## SOURCE MATERIAL
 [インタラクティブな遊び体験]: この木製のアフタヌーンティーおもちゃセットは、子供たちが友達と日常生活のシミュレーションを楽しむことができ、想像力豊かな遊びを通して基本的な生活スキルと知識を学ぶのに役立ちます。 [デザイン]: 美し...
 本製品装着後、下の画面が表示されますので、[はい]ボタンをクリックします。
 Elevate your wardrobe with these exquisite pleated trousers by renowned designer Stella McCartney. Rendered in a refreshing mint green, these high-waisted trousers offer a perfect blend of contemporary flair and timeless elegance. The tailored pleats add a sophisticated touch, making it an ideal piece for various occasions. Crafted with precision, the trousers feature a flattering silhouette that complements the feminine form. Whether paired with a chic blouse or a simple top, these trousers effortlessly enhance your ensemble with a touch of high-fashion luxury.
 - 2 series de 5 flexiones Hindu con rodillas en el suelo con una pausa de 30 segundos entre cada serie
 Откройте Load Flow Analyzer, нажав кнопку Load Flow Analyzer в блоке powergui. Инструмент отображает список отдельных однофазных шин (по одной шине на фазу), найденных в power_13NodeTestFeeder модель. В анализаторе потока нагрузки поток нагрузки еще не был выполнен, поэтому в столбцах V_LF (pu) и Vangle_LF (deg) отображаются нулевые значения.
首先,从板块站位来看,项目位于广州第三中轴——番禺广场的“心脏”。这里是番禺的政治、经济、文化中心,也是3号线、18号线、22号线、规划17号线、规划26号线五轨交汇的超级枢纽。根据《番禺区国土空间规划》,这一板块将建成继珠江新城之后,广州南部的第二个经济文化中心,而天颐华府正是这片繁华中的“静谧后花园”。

* * *

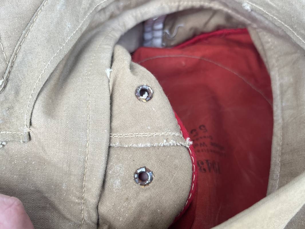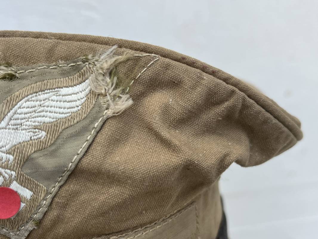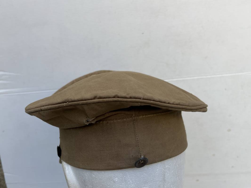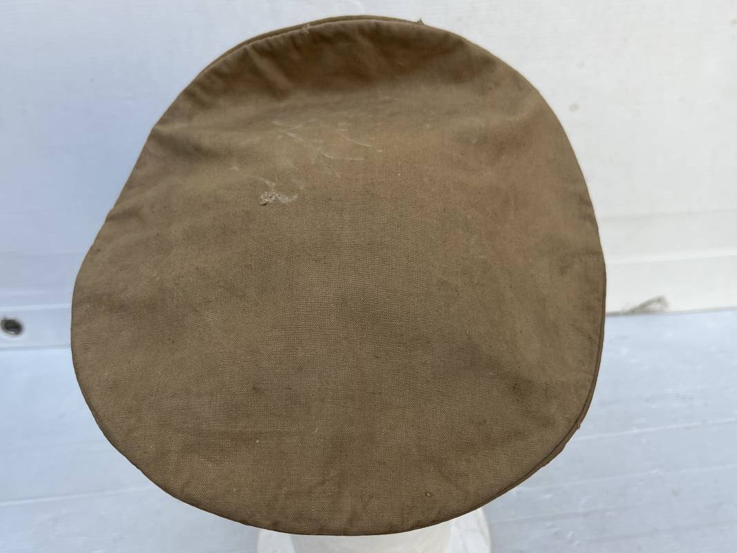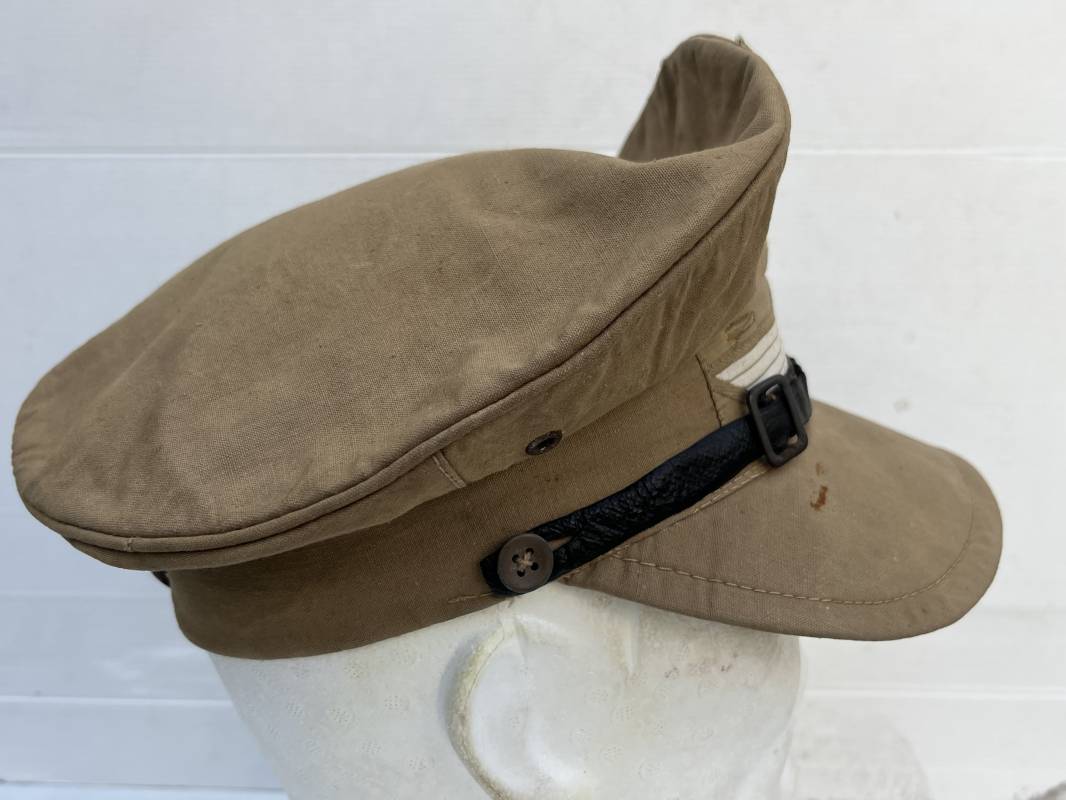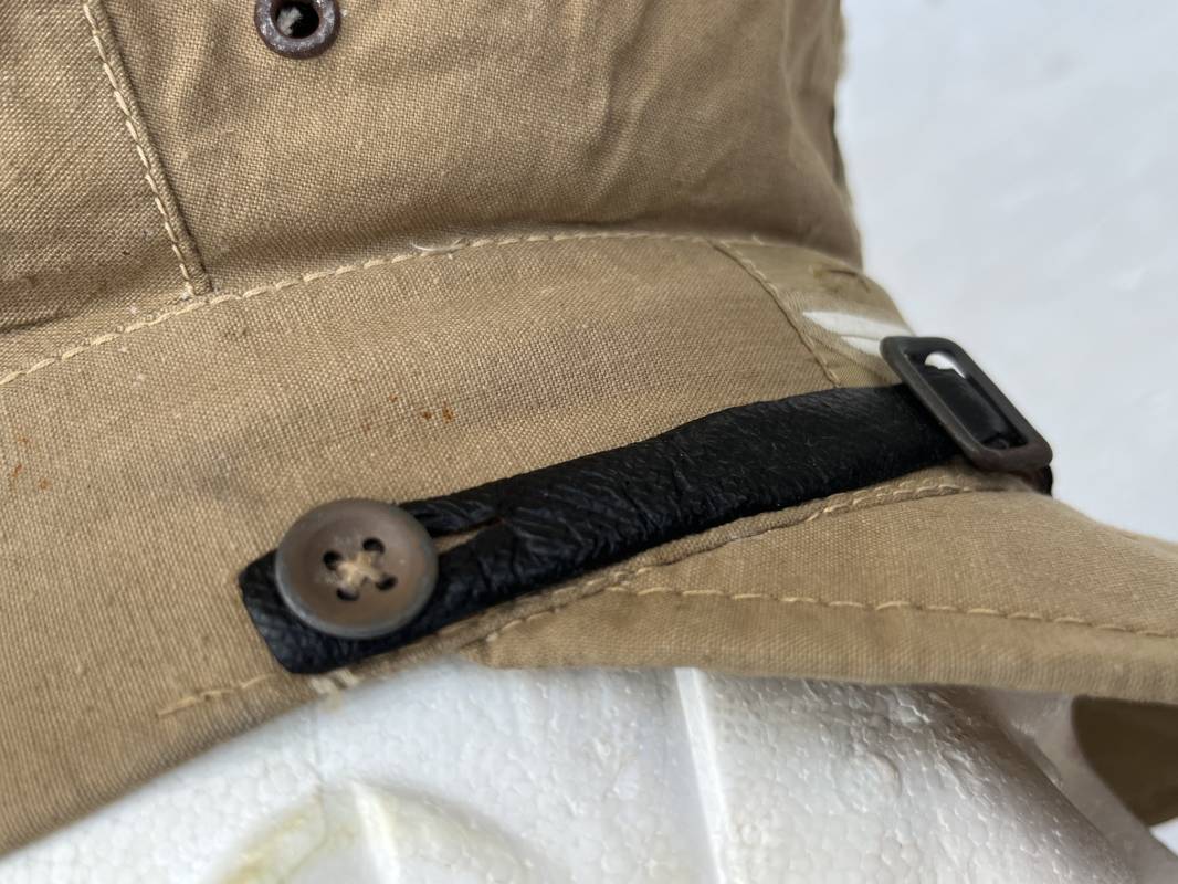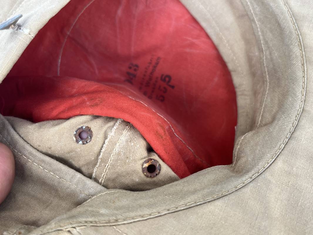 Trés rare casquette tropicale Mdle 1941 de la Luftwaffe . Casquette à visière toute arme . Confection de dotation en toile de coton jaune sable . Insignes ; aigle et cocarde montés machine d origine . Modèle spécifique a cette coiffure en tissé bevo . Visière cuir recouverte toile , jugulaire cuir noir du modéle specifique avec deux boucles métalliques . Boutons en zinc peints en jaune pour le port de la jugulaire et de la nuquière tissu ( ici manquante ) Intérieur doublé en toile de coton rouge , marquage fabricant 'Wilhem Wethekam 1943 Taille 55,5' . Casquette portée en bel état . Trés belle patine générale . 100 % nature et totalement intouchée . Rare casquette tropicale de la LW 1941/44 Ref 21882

## EXERCISE GOAL
Using the data above, extract exactly the lines from the one that holds "Elevate your wardrobe" to the one that holds "- 2 series de", both ends included, and no others.

## REPLY
 Elevate your wardrobe with these exquisite pleated trousers by renowned designer Stella McCartney. Rendered in a refreshing mint green, these high-waisted trousers offer a perfect blend of contemporary flair and timeless elegance. The tailored pleats add a sophisticated touch, making it an ideal piece for various occasions. Crafted with precision, the trousers feature a flattering silhouette that complements the feminine form. Whether paired with a chic blouse or a simple top, these trousers effortlessly enhance your ensemble with a touch of high-fashion luxury.
 - 2 series de 5 flexiones Hindu con rodillas en el suelo con una pausa de 30 segundos entre cada serie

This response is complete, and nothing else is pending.